For as glorious as Animal Crossing: New Horizons looks, Nintendo has seemingly found a way to aggravate its fan base. As spotted on Resetera, a German download card for the upcoming sequel reveals that the title won’t feature support for cloud saves or save data transfers. So much for paying for Nintendo’s online service.
The thing to note with save transfers is that it isn’t referring to a full system transfer. That method will take all data from your Switch and transfer it to another system, including the New Horizons data. What this specific instance is talking about is if a user has two Switch consoles with the same profile. Nintendo allows you to transfer saves between consoles if you’re on the same profile so you can continue playing. New Horizons won’t allow that.
The lack of cloud saving was actually touched on at E3 2019. Nintendo spoke about how it didn’t want users to manipulate time and unlock/duplicate items for their islands. Seeing as how the passage of time is a core feature in Animal Crossing, this does make a little bit of sense. It’s still a seriously outdated concept, not to mention Animal Crossing is a mostly offline game. There’s no cheating to be had here.
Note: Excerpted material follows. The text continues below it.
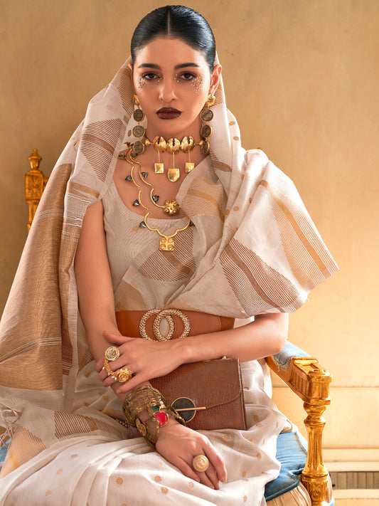 Women's Tissue Cream Woven Design Designer Saree With Blouse Piece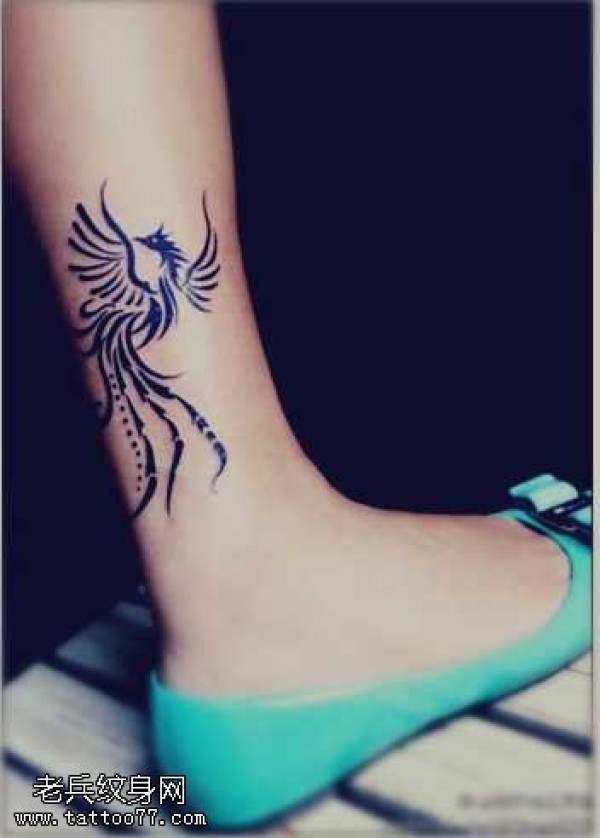 腿部凤凰图腾纹身图案

The main reason for a lack of local system transfer seems to be down to New Horizons’ stipulation on save data. Players are only allowed to make one island per console. Since this will affect every user profile on your system, it seems local transfer can’t work because of how Nintendo implemented the feature.
For the games that do support it, a local save transfer allows one user profile to move their data to another console and continue playing. This would be impossible to do with New Horizons, which forces every user on a console to play on the same island. Nintendo could lift the restriction and stop living in 2002, but that’s being too hopeful.
Cloud saves are also a big head-scratcher. It’s hard to understand why Nintendo would care so much about users jumping time to unlock certain events or items. I suppose the company wants to cut down on hacking, which is still a possibility on older Switch consoles. Still, it brings up the question of why users can’t simply back up their save data locally.